The prize was to affect a culture change in the business which allowed:

1. The MD to step back from the day-to-day running of the organisation and adopt a more strategic role

2. The management team to grow so that they were capable of running the organisation AND the MD allowed them to do so

3. The workforce become fully engaged in improving the way in which their work worked through a series of improvement projects delivering a quantifiable return on investment

The client

The client is a £10m turnover engineering services company run by the founding managing director who had recently sold to a prestigious international trade partner in the same sector. However, the new parent company took the deliberate decision not to integrate the smaller company, but to nurture its independence.

The approach and the solution

An introductory meeting was held with key staff to introduce the objectives of the programme and to help them understand how they could improve the way in which their work worked.

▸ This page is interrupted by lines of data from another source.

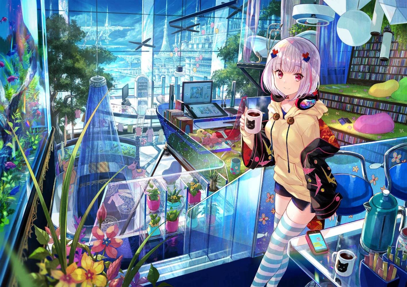 While many works on display in the Eshi-100 exhibition are in accord with the theme of Japanese traditional “Wa,” a spirit of harmony, some pieces are of a completely different nature. Illustrator Choko Fuji’s work, My Ideal Room, depicts a life many people may yearn for. Representative of an everyday “miyabi” lifestyle, the piece shows a room embellished with a wealth of things, such as an aquarium coupled with a pool by the window, a panoramic view seen spreading beneath the room of a high-rise building, plus other features of an affluent life.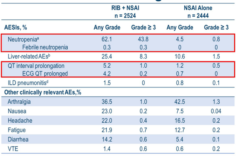 The NATALEE trials show there were no new adverse events from ribociclib.In fact,there was a decrease in the adverse events that we saw in the breast cancer setting.That’s likely due to the fact that we decrease the dose from 600 milligrams to 400 milligrams.Now,knowing that we have seen that it still has this improvement in invasive disease free survival(IDFS)and in metastatic disease,both of which were statistically significant.We are still waiting for maturation of data on overall survival.But the intent is to really decrease the recurrence as that happened in these hormone receptor positive,HER2 negative patients.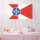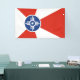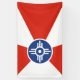 Dieses Design zeigt die Stadtflagge von Wichita, die größte Stadt im US-Staat Kansas. Wichita ist der Sitz des Landkreises von Sedgwick Landkreis. Wichita befindet sich im südlich-zentralen Kansas am Arkansas Fluss. Es wurde zu einem Ziel für Rinderfahrten von Texas nach Kansas Eisenbahnen, die ihm den Spitznamen "Cowtown" verdienten.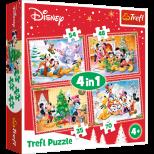 Puzzle składające się z 4 niezależnych układanek, zaprojektowane z myślą o wszystkich fanach i fankach Myszki Miki.Po ułożeniu układanek powstaną obrazki ze świątecznym motywem o wymiarach 285 x 205mm. Zróżnicowana liczba elementów pozwala na zabawę zarówno młodszym, jak i nieco starszym dzieciom. Produkt został wykonany z wysokiej jakości materiałów, z zastosowaniem specjalnego kalandrowanego papieru odbijającego światło, co ułatwia układanie. Produkt został wyprodukowany w Polsce, a do produkcji zostały użyte materiały ekologiczne.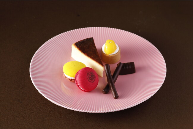 中段には、定番人気の軽いとろけるような口当たりの 『バスクチーズケーキ』 やシンプルながら栗の食感と風味が広がる 『マロンタルト』 、パティシエ特製『2種のマカロン』 、濃厚な 『ボンボンショコラ』 など手軽にお愉しみいただけるスイーツが一皿に。

Initially, three improvement projects were chosen from the array of ideas suggested and small cross functional teams aligned around each. Statius then facilitated each of the teams over the next six months with the following results:A two-day workshop “Turbo Charge Your Improvement Processes” was held to give senior managers and staff real “hands on” experience of improving processes using the Plan, Do, Study, Act model. A follow up session reviewed the lessons learnt and, critically, developed a plan to integrate the lessons into both the company systems and culture.


The outcome

Team 1

• A more rigorous handover process from sales to operations was introduced which saved between 2 and 3 days on each of the 50 or so installation contracts undertaken each year and, in doing so, delivered savings of in excess of £100k pa. The MD remarked “this new process ensures we focus on pre and post order profit margins…we have previously undertaken £1m contracts delivering 7% profit where Group are now dictating 16%”

Team 2

• A new process was introduced to accurately record the sundry items regularly used by service engineers that were “sometimes” charged to the client. The MD did a rough calculation and commented “at (a very conservative) £4 a visit and 33 visits a day that’s £33k pa, at £10 a visit that’s over £82k pa … AND it delivers a “double whammy” as cost is removed from our cost base and passed to the customer where it belongs!”



Team 3

• A number of “troublesome” items of equipment, all of which were on comprehensive contract, were identified. A technician was dispatched to thoroughly review and rectify the situation “whatever the cost”. Parts were ordered and fitted and the result was that call-out levels plummeted, engineers’ morale rose, customer satisfaction soared and contract renewals increased.

The prize was a more committed, responsible and active management team and staff. As a result of the project, the company has achieved a position where:

• Managers, staff and engineers now have a process for improving processes

• A culture of improvement has been germinated

• Staff now see what they need to change and how to do it”

At one project meeting, the managing director commented “This is providing a real opportunity for us to break out of our mindset… I’m just afraid it will stop!”.